Emerson recula, arrachant ses mains de celles de l'infirmière. Le regard de la jeune femme était glacé par l'effroi. Et dans cette pupille froide, Sloane Berjäk crut déceler une étincelle : amorce de la colère qui allait éclater.

— Vous déconnez ? aboya Emerson. Vous n'êtes pas sérieusement en train de me dire que vous vous servez de ma copine comme d'un petit cobaye ? Tout ça parce que vous êtes pas foutue de trouver ce qu'elle a !

Sloane Berjäk conserva un calme exemplaire, sans doute, mais surtout inhumain, et rétorqua illico :

— Si vous vous sentez plus à même de résoudre le cas des rêveurs seuls, je vous en prie, Emerson, occupez-vous de la patiente. On verra si vous obtenez des résultats plus probants que ceux du département 24. Ne vous inquiétez pas, ça ne blessera pas mon ego. Au contraire, je serais vraiment ravie de vous voir sauver le monde. Mais les choses sont ainsi faites : il n'y a pas de héros, il n'y a qu'une poignée de personnes insignifiantes, comme vous et moi, qui triment comme elles peuvent pour essayer de faire le bien autour d'elles. La volonté, c'est bien joli, mais ça n'implique pas nécessairement de réussir. Sachez que Seth a accepté de son propre chef de coopérer avec le département dans les recherches sur le SRS. Ce qu'elle fait, Emerson, elle le fait pour vous.

— C'est ça, essayez de me prendre par les sentiments. J'en ai fini avec Seth, vous avez pigé ?

— Ce n'est pas vraiment l'impression que vous donnez.

— Ce n'est pas parce que je ne peux pas l'aimer que je ne veux pas son bonheur.
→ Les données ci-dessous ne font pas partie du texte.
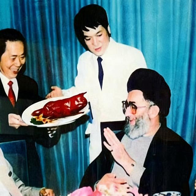 我们现在看到的这一张照片拍摄于1989年5月,地点就在北京全聚德和平门烤鸭店内。当时的哈梅内伊,还不是伊朗最高领袖,而是以伊朗总统的身份,正式对中国进行国事访问。

Si son but dans la vie c'est d'élever des saloperies de cloportes, si ça la rend heureuse de faire sa putain de thèse, je veux qu'elle aille au bout. Vous comprenez ? Je veux au moins qu'elle puisse se consacrer aux travaux pour lesquels elle a foutu en l'air notre relation !

— Je sais que c'est un sacrifice difficile, Emerson. Mais il est nécessaire. Attendre que le syndrome l'emporte ou tenter de lutter, ce sont les seules options qui se présentent à Seth. Vous ne pensez pas que la seconde lui donne un peu plus de mérite ?

Emerson baissa les yeux. Sa colère s'était muée en une profonde rancœur, une rage calme, même muette. Pour éviter d'exploser, elle avait résolu de se replier dans son épaisse coquille. Se replier, toujours. Se renfoncer jusqu'à s'en oublier. Étrangler ses sentiments. Les paroles glissèrent entre ses dents comme un gaz toxique :

— Entre Seth et vous, franchement, je ne sais pas qui est la plus égoïste.

— Nous sommes tous égoïstes. Vous n'êtes pas une exception.